Food & Drink

From seafood to soul food, SC chef isn’t afraid to mix it up in the kitchen

A school assignment years ago got Lowcountry chef Sean Mendes thinking about having his own restaurant.

“I remember in the seventh grade ... I was in the gifted program ... and we did a project,” Mendes said. “Create your own restaurant. I still have the portfolio. The name of the restaurant was Waves. It was going to be an underwater restaurant where the fish would swim around you. I had the seafood menu and the floor plan laid out and what the servers would wear. ”

Today, Mendes is the chef and owner of Roadside Seafood and Blues Cajun Kitchen restaurants on James Island – and one of the four 2017 South Carolina Chef Ambassadors.

Being named chef ambassador “didn’t hit me until I was in Columbia meeting all of the other chefs. I have friends for life,” Mendes said. “We can kick ideas off each other. Soaking it all in, doing that first event together (Charleston Wine + Food), I feel a part of it and I don’t ever want not be a part of it. ... It is a great honor.”

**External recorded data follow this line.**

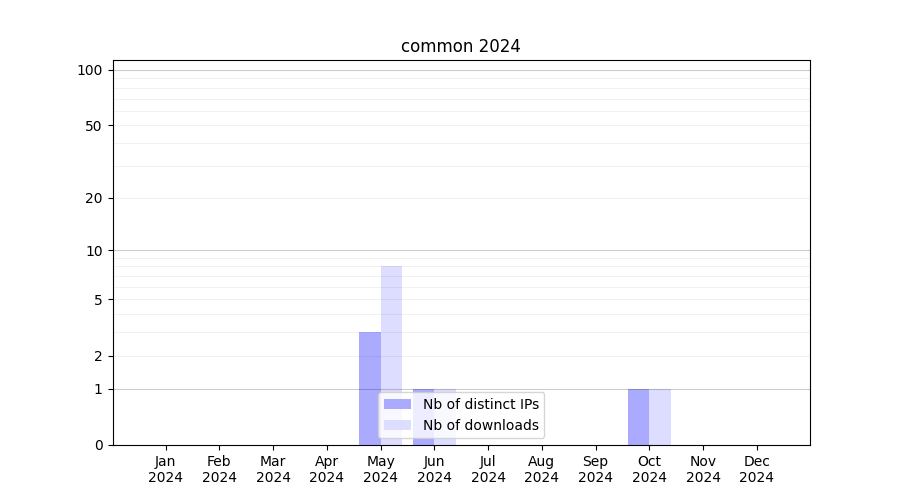 Number of downloads for workflow package common, year by year, from 2025 back to 2015 (years with no downloads are omitted):
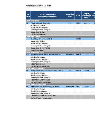 Performance As of: 06‐30‐2020 Name / Benchmark & Inv. Morningstar Category Info Type US OE Small Blend Vanguard Small Cap Index I MF Morningstar Ratings # of Funds in Category Morningstar Peer Rating % Russell 2000 TR USD US Fund Small Blend US SA Small Growth Small Cap Growth Fund CL I1 Morningstar Ratings # of Funds in Category Morningstar Peer Rating % Russell 2000 Growth TR USD US SA Small Growth US OE World Large Stock American Funds Capital World Gr&Inc R6 MF Morningstar Ratings # of Funds in Category Morningstar Peer Rating % MSCI ACWI NR USD US Fund World Large Stock US OE Foreign Large
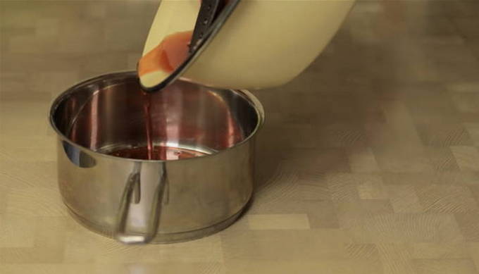 - Giet vervolgens alle siroop terug in de pot. Sluit het deksel en schud goed voordat u de siroop uit de pot giet. Schenk vervolgens de siroop uit het geopende deksel.
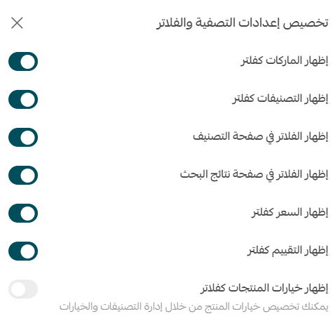 3- إظهار الفلاتر في صفحة التصنيف: تحديد إذا ما كانت الفلاتر تظهر في صفحة التصنيفات.
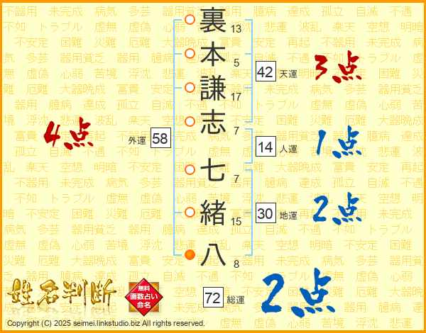 裏(13画)本(5画)謙(17画)志(7画) 七(7画)緒(15画)八(8画)
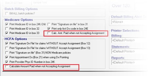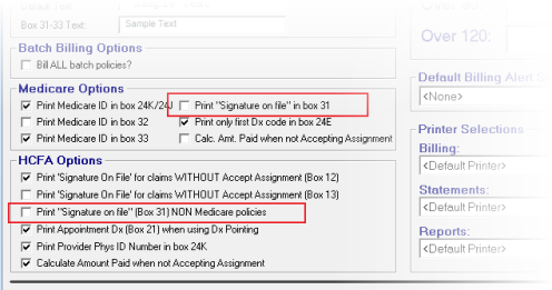 - Select the option "Print 'Signature on File' (Box 31) NON Medicare policies" in the HCFA Options section.
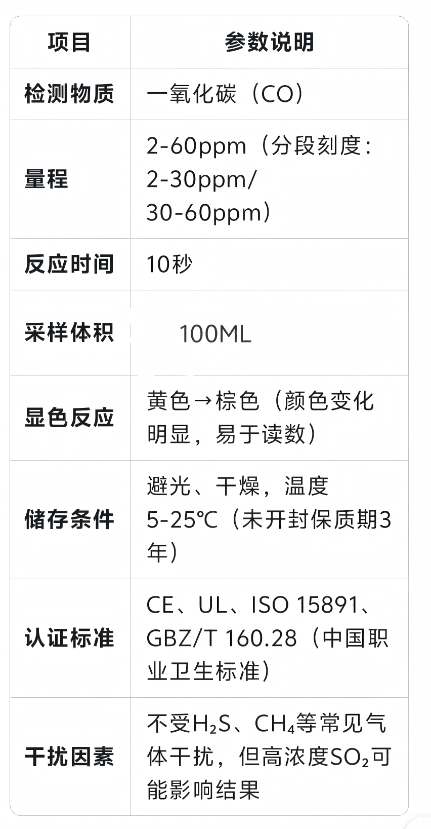 - 检测前确保环境通风,避免高浓度CO直接吸入。

Born in Guam to U.S. Air Force parents, Mendes’ love of food – and seafood in particular – was influenced by his Portuguese-American father from Rhode Island and African-American mother from coastal South Carolina.

He learned the Gullah/Geechee flavor profiles and traditions from his mom’s mom, who he figures is the most important person in his culinary journey.

“I’d never had candied sweet potatoes like hers,” Mendes said. Now that she’s in her 80s, “I’m the keeper of the secrets.” He prepares his grandmother’s dressing and candied sweet potatoes for family Thanksgiving dinners.

From his dad’s mother, “straight off the boat from Portugal,” Mendes gets his Portuguese, Spanish and Italian influences, love of hearty stews, and the idea that food is comfort.

Mendes attributes this mix of influences for the laying the groundwork for what he does today.

“All of those influences just made me hunger for what I’m doing ... and I’ve been throwing things together my whole life. A pinch of that there.”

He started his career as a dishwasher in a friend’s restaurant before moving to the position of line cook. One day he was asked to take over the kitchen when the main cook didn’t show and “that was the beginning of the whole restaurant persona ... the late nights and the crazy, busy shifts and all that,” Mendes said.

Over the years, Mendes has worked at other restaurants – including the Charleston Place Hotel with renowned chef Louis Osteen – and started his own cheesecake business. He said his most educational experience, the one that has helped him the most in his career, was when he was hired by Outback Steakhouse in the late 1990s.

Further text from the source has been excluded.